▶ _What the exercise asks_: Starting at the line that contains "A pumpkin vine" and ending at the line that contains "To conserve water", the lines below are to be given again exactly, with nothing added.

▶ _Provided data_:
● ● ● ● ● ● ●

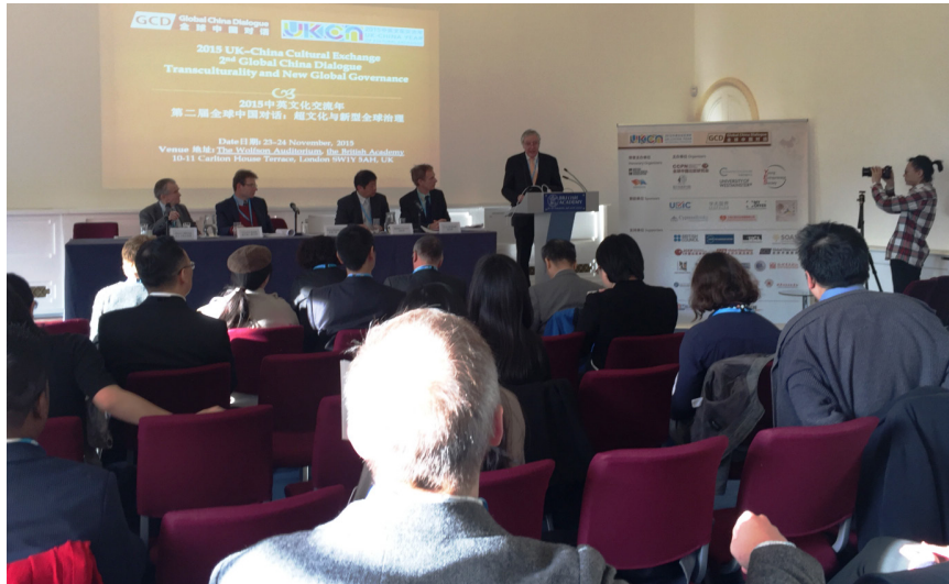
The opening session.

● ● ● ● ● ● ●

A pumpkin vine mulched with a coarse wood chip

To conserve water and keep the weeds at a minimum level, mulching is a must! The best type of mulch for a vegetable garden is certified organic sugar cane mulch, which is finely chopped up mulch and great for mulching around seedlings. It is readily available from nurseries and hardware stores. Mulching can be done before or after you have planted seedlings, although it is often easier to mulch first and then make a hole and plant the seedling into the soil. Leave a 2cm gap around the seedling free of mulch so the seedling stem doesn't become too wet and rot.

● ● ● ● ● ● ●

▶ _Response below_:
A pumpkin vine mulched with a coarse wood chip

To conserve water and keep the weeds at a minimum level, mulching is a must! The best type of mulch for a vegetable garden is certified organic sugar cane mulch, which is finely chopped up mulch and great for mulching around seedlings. It is readily available from nurseries and hardware stores. Mulching can be done before or after you have planted seedlings, although it is often easier to mulch first and then make a hole and plant the seedling into the soil. Leave a 2cm gap around the seedling free of mulch so the seedling stem doesn't become too wet and rot.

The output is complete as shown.